The reasons for their meeting time, it turns out, aren’t very complicated: school ended around 3:00 p.m., and then came sports practice, and then it would be about 4:20. And the social circumstances that led to the ritual might be familiar to any number of high-schoolers.

“We got tired of the Friday-night football scene with all of the jocks,” says Reddix. “We were the guys sitting under the stands smoking a doobie, wondering what we were doing there.”

What happened after 4:20, however, could be a little more unusual. The group challenged each other to find new and interesting things to do while they were high — Reddix says he kept a log of their “safaris” — and tried, at least in some cases, to stay away from their homes as much as possible. (Reddix says he didn’t get along with his stepfather, and that Jeff Noel’s father “happened to be a high-level state narcotics officer,” which the boys sometimes took advantage of by trying to make off with contraband that might be locked in his car, but which also posed its own obvious risks.) In one stand-out example of such a safari, Capper says, the group drove out to a rural area and saw something “magical.”

“The car’s filled with pot smoke, and when we roll down the window, we see two single lines of cows following our car,” he recalls.
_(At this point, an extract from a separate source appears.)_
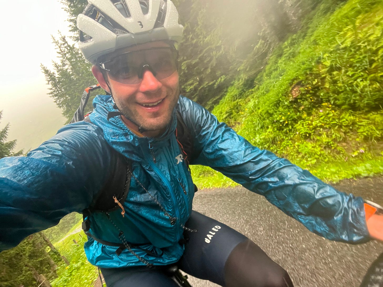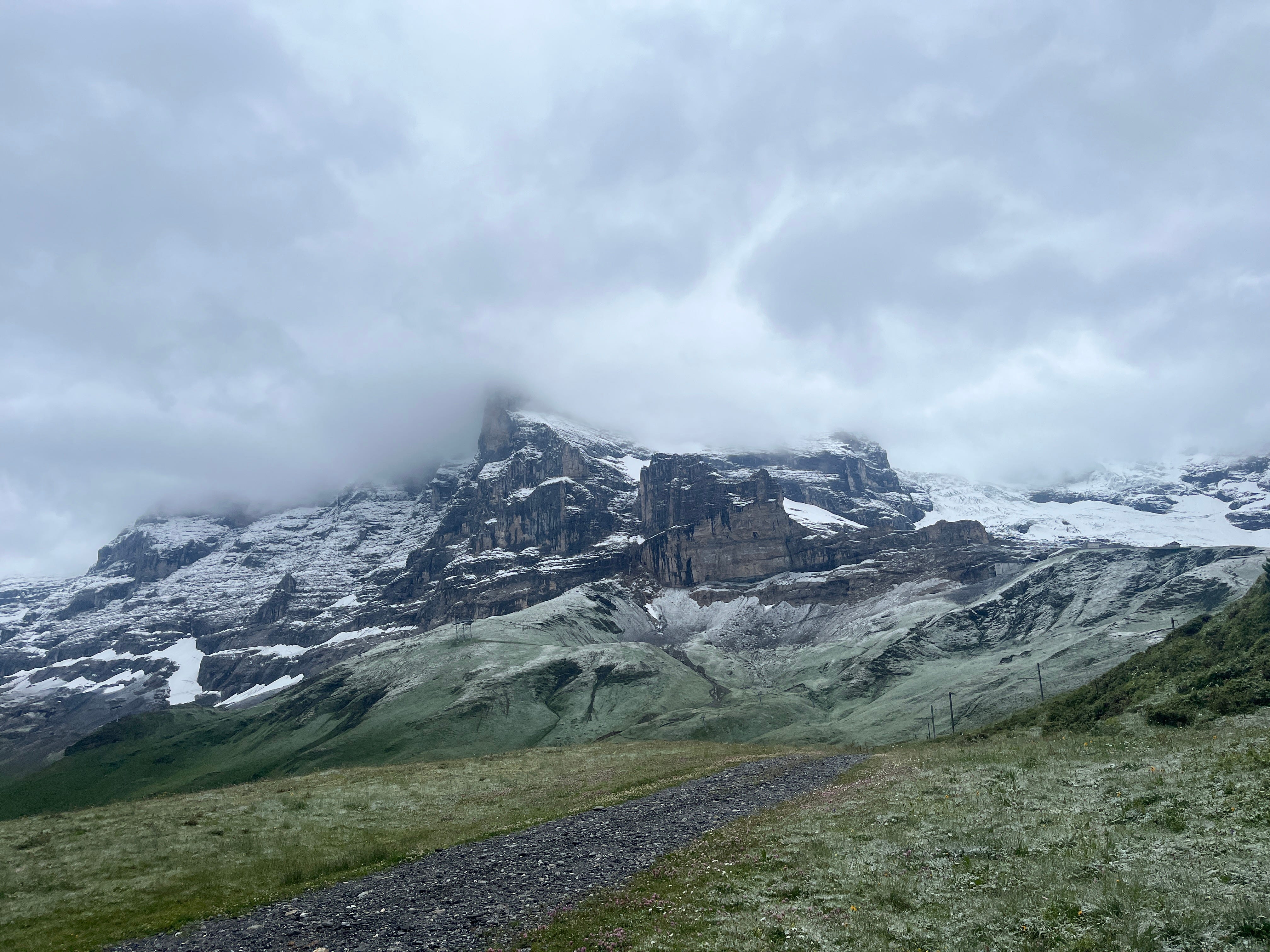 Les jambes tournent avec aisance. Le plaisir suit. Plus le but se rapproche, plus la pente augmente, et la pluie renchérit. La neige tapisse les contreforts du col en vue. Bien présente, l’Eiger, comprenez L’Ogre dans sa version francophone, est à imaginer aujourd’hui. Ses dents dissimulées sous un opaque voile blanc.

“We thought they were hamburgers,” Reddix jokes, but it turned out that they had been trained to follow the farmer’s truck if they wanted to be fed.

Magical cows aside, a lot has changed in the marijuana world between 1971 and 2017, they say — and not just that, in their experience, the weed available today is much stronger than it once was.

Capper says that the mainstream American perception of people who smoke marijuana has evolved significantly since they started 4/20, as it’s more accepted that people who are marijuana enthusiasts can also be healthy and smart. He says that his business partner has at times worried that the publicity around Capper’s association with 420 might be bad for business, but that in practice, the people he meets at conferences who are aware of the connection are more likely to ask for a selfie than to judge him. (As for high school, “while I was smoking all this pot, I did two years of coursework in one year and got straight As,” he says.) More accepted medical use of marijuana has also changed the conversation about the drug; Reddix’s wife has used cannabinoids for migraines, and he says it seems to help. And, obviously, the spread of the legalization movement has brought marijuana much more into the open than it once was — “It’s cool that it’s legal, and people aren’t going to jail as much,” says Capper.

As for their own place in marijuana history, they enjoy seeing “420” come up in pop culture — as in Pulp Fiction, in which some of the clocks are set to 4:20, or hotel room 420 in Hot Tub Time Machine — and hope their coded contribution to cannabis culture provides those enthusiasts who observe the day with a little bit of the “private joke quality” and the “brotherhood of outlaws” feeling that they experienced growing up, when their habit was strictly underground.

“Now legalization is happening so fast, you’ve got to stand back and go, this is weird,” says Capper. “This is a trip.”